The opinion of the court was delivered by: O'hern, J.
On certification to the Superior Court, Appellate Division.
This appeal concerns the right of an attorney during summation to suggest to a jury an aggregate sum or "bottom-line" figure to award for a claim of unliquidated economic damages. Specifically, the question is whether it was proper in this wrongful death action for the attorney for a decedent's surviving spouse and children to argue to the jury that the family had suffered a loss of approximately $2 million, of which $1.5 million represented income anticipated to be earned over the remaining years of the interrupted life of their husband and father. We hold that it was not improper for the attorney to sum up for the jury the total of the year-by-year economic losses established by competent expert testimony. This Conclusion and other intervening circumstances occasioned us to reconsider the doctrine of Tenore v. Nu Car Carriers, Inc., 67 N.J. 466 (1975). That decision sanctioned the use of expert opinion evidence to establish the effect of inflation on future wage losses in a wrongful death action, but prohibited the expert from testifying about the aggregate damages for two reasons. Id. at 482. First, the Court found that the expert's tables reflecting aggregate damages assumed findings of fact outside of the expert's scope of expertise. Ibid. Second, the Court found that the "[expert's] projection of a gross figure . . . tends to exert an undue psychological impact leading to the danger of its uncritical acceptance by the jury in the place of its own function in evaluating the proofs." Id. at 482-83. Following oral argument, we requested that the parties brief the issue of whether Tenore should be revisited.

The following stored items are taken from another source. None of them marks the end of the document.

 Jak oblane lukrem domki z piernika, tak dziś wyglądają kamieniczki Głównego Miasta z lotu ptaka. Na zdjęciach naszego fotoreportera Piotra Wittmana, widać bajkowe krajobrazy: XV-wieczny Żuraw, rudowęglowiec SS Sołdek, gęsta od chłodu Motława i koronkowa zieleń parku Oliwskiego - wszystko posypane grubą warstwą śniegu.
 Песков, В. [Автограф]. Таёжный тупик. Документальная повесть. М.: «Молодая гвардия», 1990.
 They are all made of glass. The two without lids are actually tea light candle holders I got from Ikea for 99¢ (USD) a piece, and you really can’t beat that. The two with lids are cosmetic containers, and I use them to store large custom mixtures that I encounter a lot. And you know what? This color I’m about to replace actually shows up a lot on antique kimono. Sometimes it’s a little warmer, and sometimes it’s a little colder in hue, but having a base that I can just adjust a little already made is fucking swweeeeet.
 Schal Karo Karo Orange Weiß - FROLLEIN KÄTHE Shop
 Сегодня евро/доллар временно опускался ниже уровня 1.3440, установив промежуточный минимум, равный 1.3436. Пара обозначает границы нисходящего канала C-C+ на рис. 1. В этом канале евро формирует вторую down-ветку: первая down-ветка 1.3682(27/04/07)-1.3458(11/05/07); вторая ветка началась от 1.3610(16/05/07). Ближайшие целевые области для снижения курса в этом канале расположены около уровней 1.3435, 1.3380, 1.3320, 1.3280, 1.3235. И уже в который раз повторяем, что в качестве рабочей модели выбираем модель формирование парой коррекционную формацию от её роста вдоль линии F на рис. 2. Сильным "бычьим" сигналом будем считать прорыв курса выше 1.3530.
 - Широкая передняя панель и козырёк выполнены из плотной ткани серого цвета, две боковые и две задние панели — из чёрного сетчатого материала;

Given the current rules governing the admission into evidence of expert testimony, the increased role of jurors in marshaling evidence prior to deliberations, see Rule 1:8-8(b) (allowing jurors to take notes during trial with Judge's discretion), and the greater sophistication of current jurors, we are satisfied that it is appropriate to permit properly qualified experts to testify to the aggregate sums of their calculations. Courts should preface that testimony with cautionary instructions. A court should tell the jury that it is about to hear expert opinion testimony concerning the economic losses claimed in the case and that any aggregate figures offered by the expert are necessarily based on the reliability of the assumptions that the expert may have made as to future economic trends. Subject to a better formulation by our Model Civil Jury Charge Committee, the following reflects a possible jury instruction:
"In this phase of the case you are about to hear expert opinion testimony on certain of the economic claims made. You will be the ultimate Judges of the reliability of the witness' projections of future economic losses. Any net figures offered by the expert are necessarily based on the reliability of each of the assumptions that the expert has made concerning the future trends that the expert regards as probable."

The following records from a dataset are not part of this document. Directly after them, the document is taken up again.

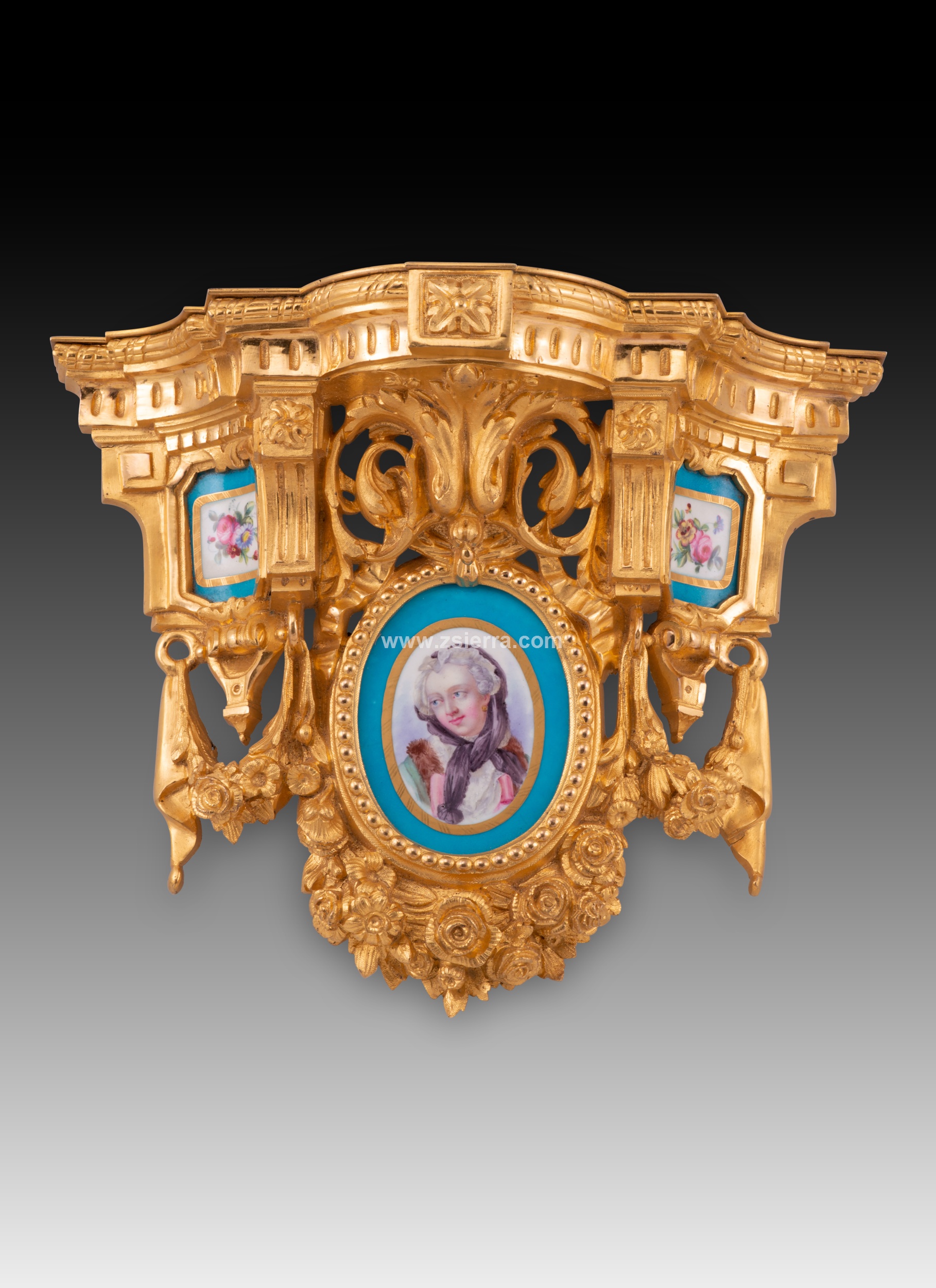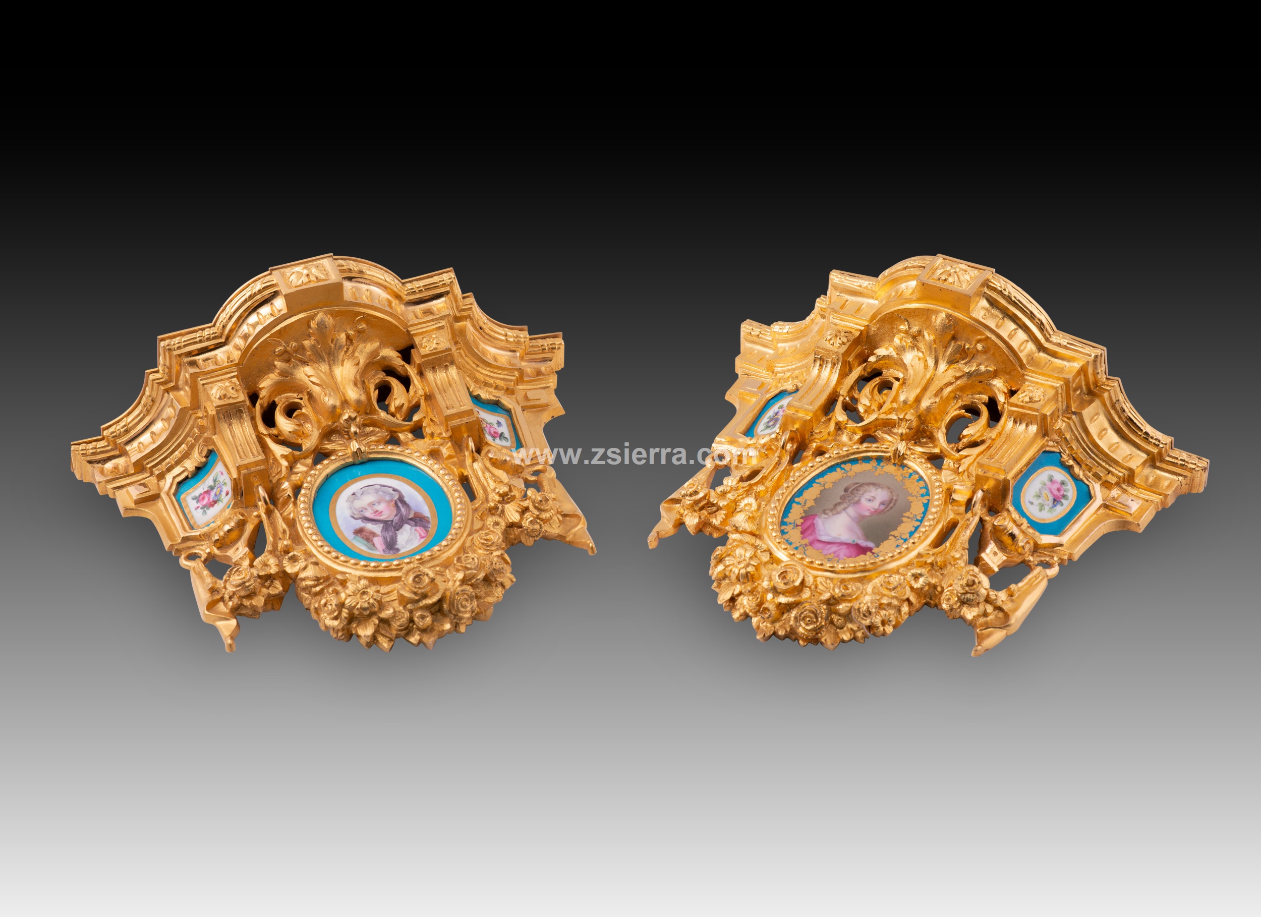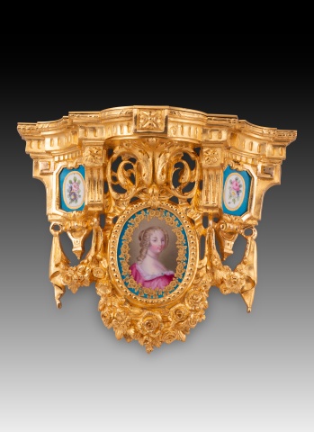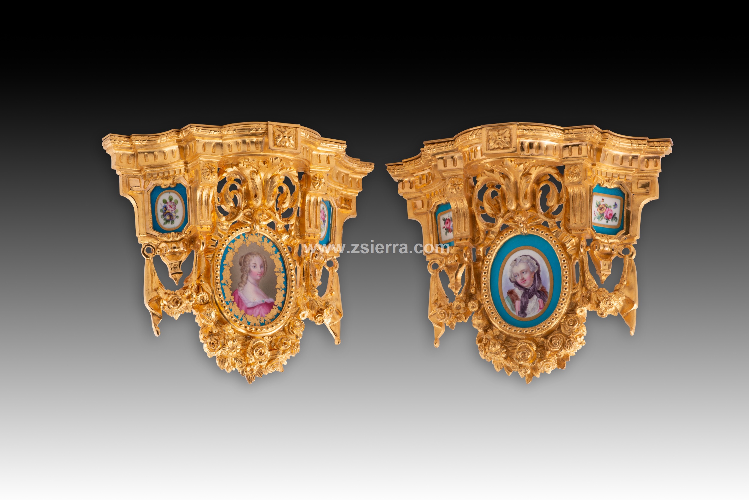 Pareja de pequeñas estanterías para fijar en una pared realizadas en bronce dorado decorado con elementos en relieve de clara inspiración clasicista (motivos arquitectónicos, roleos, molduras acanaladas, guirnaldas de rosas, lazos, etc.) siguiendo corrientes habituales en la escuela francesa del siglo XIX. En cada una aparecen tres placas de porcelana esmaltada decorada siguiendo colores y formas comunes en la fábrica de Sevres (Manufacture nationale de Sèvres): dos con un medallón con flores y la zona en torno a él en azul (los cuatro distintos), otro más grande y dispuesto en el centro de la pieza con un medallón con un retrato femenino (los dos diferentes, uno con una joven y un marco de flores doradas; el otro con otra dama con los cabellos cubiertos y un marco liso en dorado). Nótese que, al dorso, estos medallones y placas no cuentan con marcas y presentan algunas faltas no apreciables en el frente.
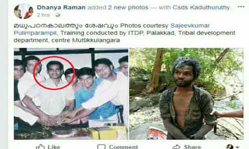 കൊല്ലപ്പെട്ട മധുവിന്റെ വിദ്യാര്ഥി ജീവിതകാലത്തെന്ന പേരില് സോഷ്യല്മീഡിയയില് വ്യാജ ചിത്രം പ്രചരിപ്പിച്ചു; സംഭവം വിവാദമായതോടെ സാമൂഹിക പ്രവര്ത്തക പോസ്റ്റ് പിന്വലിച്ചു
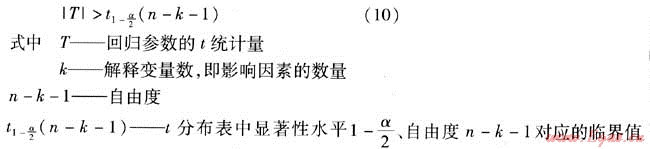 對求得的回歸參數(shù)進(jìn)行t檢驗,若回歸參數(shù)的t統(tǒng)計量滿足式(10),則認(rèn)為此回歸參數(shù)對應(yīng)的項目對居民生活年燃?xì)庀牧縬有顯著影響,否則認(rèn)為影響不顯著。

"In evaluating the reliability of the projections, you will be aided by the cross-examination of the attorneys and by any evidence presented by the opposing parties. At this stage of the case, you should keep an open mind regarding the reliability of these figures and not give uncritical acceptance to any aggregate sums that you will hear. I repeat, it will be your responsibility and your responsibility alone to determine at the close of the case the amount of economic losses suffered by the claimant."
For purposes of this appeal, we generally accept the version of the case set forth in defendant's brief. Plaintiff's late husband, Joseph F. DeHanes, was treated in 1992 by defendant, Dr. Michael Rothman, in the emergency room of the Raritan Bay Medical Center. The jury found that Dr. Rothman failed to diagnose a potentially fatal heart condition that was caused by a tear in the inside lining of the aorta, the main artery to the heart. While DeHanes was in the emergency room, the tear caused the lining of DeHanes' aorta to rupture and bleed into the area around the heart. The physician's failure to diagnose and treat the heart condition resulted in DeHanes' death. Plaintiff's expert medical witness testified that had DeHanes been properly diagnosed and treated, he had at least an eighty percent chance of surviving the tear. The jury later found this chance to have been seventy percent.
At the time of his death, DeHanes was an experienced, thirty-eight-year-old machine operator at Westinghouse Corporation earning more than $55,000 per year. Assuming that he were to retire at age sixty-five, his remaining work expectancy was twenty-seven years. He had a wife and two children, ages eleven and six. His wife brought a survival action for his pain and suffering and a wrongful death action on behalf of herself and the children.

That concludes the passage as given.